Точка зрения рассказчика, самого сыщика Штерна, дополняется в интерлюдиях повествованием “всезнающего” автора—Гурского, так что перед читателем разворачивается панорама фактов, событий, гипотез, активизируя нашу собственную, читательскую изобретательность и догадливость. Впрочем, предвосхитить развитие действия, темп которого к концу, как это и положено по канонам жанра, стремительно нарастает, угадать разгадку тайны, и заранее вычислить “дракона” нам, читателям, к собственному удовольствию, не удается.
Реальное и невероятное, смешное и серьезное взаимопроникают, взаимоперетекают на протяжении всего романа на уровне сюжета, языка и дидактических монологов интеллигентного сыщика. “Всякий раз, когда я слышал речи Андрюши Краева, хозяина издательства “Край”, меня охватывало желание немедленно оскорбить его действием.
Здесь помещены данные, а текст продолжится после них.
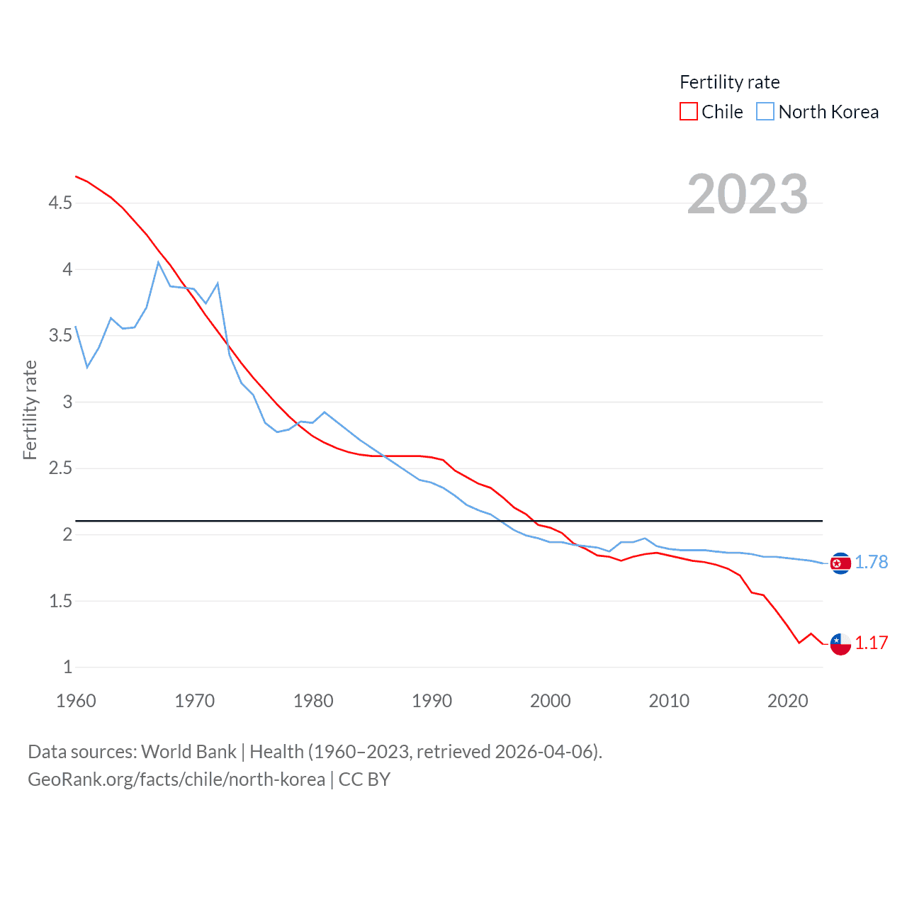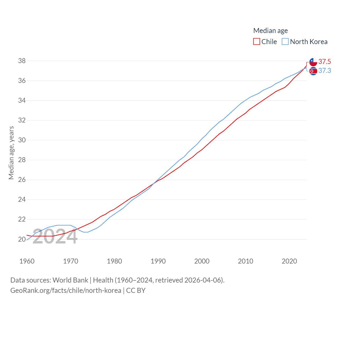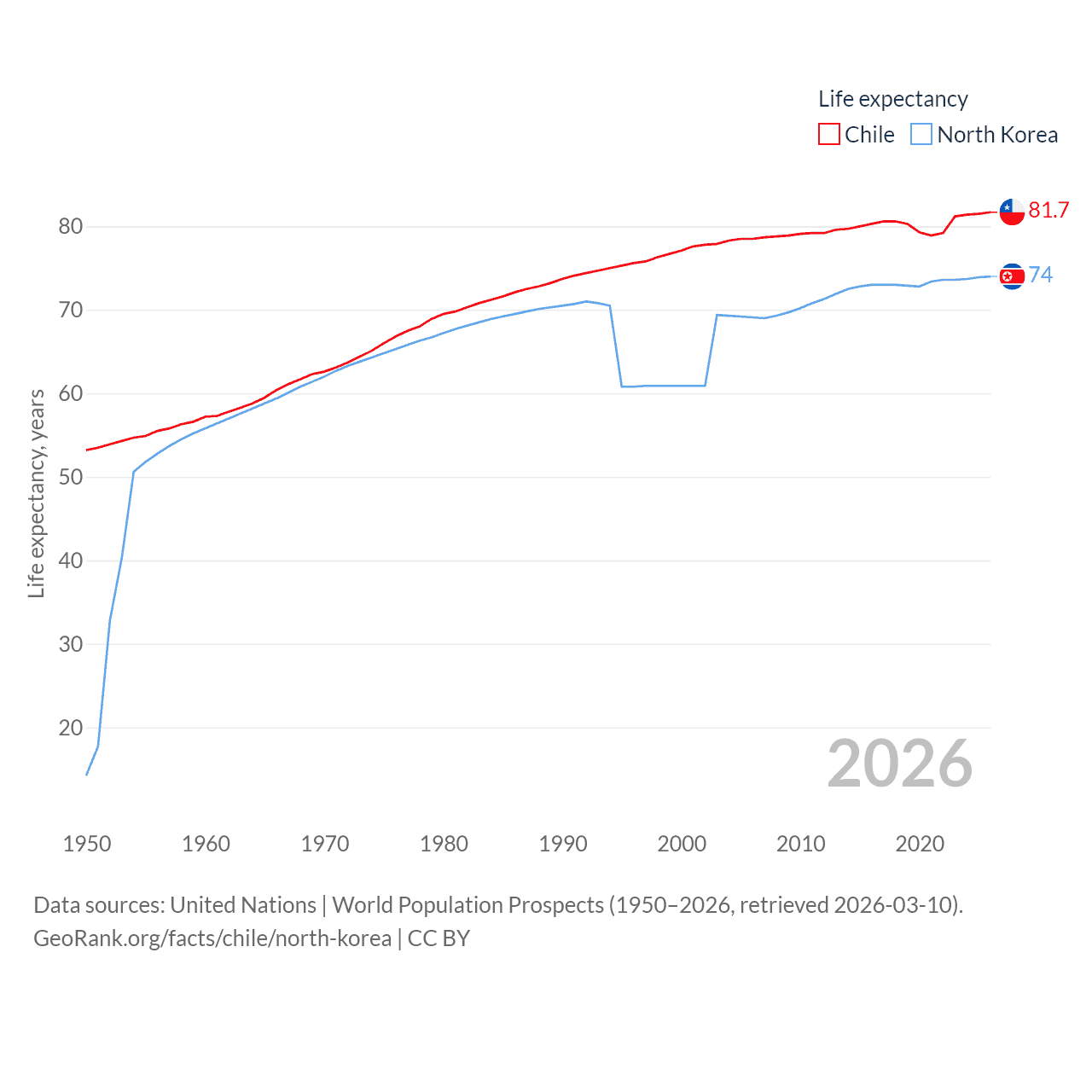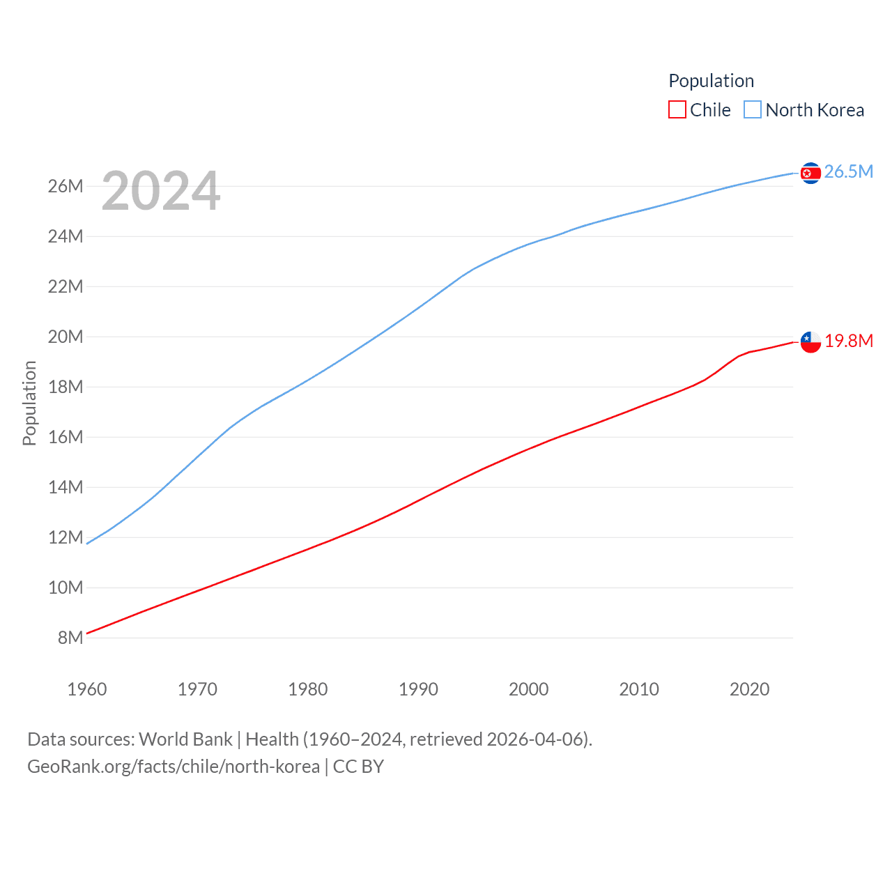 Chile has a population of 19.8M (ranked 66/197), compared with 26.5M in North Korea (ranked 56/197). Chile's land area is 286,809 sq mi versus 46,491 sq mi for North Korea (ranked 38th vs. 97th).

Грубо и зримо. Андрюша был из ненавистной мне породы дурных умников. Такие привыкли поучать нас с заоблачных высот Объективной Истины, откуда разница между “хорошо” и “плохо” незаметна. Ну, подумаешь, мировая война. Подумаешь, геноцид. Пустяки, дело житейское. Он, Краев, издает сочинения фюрера не из-за каких-то там симпатий к фашизму: не надо огрублять, бога ради, это пошло. Гитлер-политик его не интересует. Но вот писатель Адольф Шикльгрубер, настоящий эстет, истинный декадент, ценитель аквариумных рыбок,
о-о-о… Я вообразил себе аквариум, полный рыбок-пираний, и как я окунаю туда попеременно то рыжебородого умника Андрюшу, то эстета Адольфа с усиками, то опять Андрюшу, то снова Адольфа, то обоих вместе — вот он, майн кайф… Очнись, Яков Семенович, строго приказал я сам себе. Ты стоишь на карнизе. Пираньи так высоко не залетают. Да и с декадентом Адольфом справились без тебя”.
В конце замечу, что замечательный детективный роман-шарж “Траектория копья” издан в издательстве “Время” тиражом, которым издается литература, — 5000, а отнюдь не тиражом масслита, увы.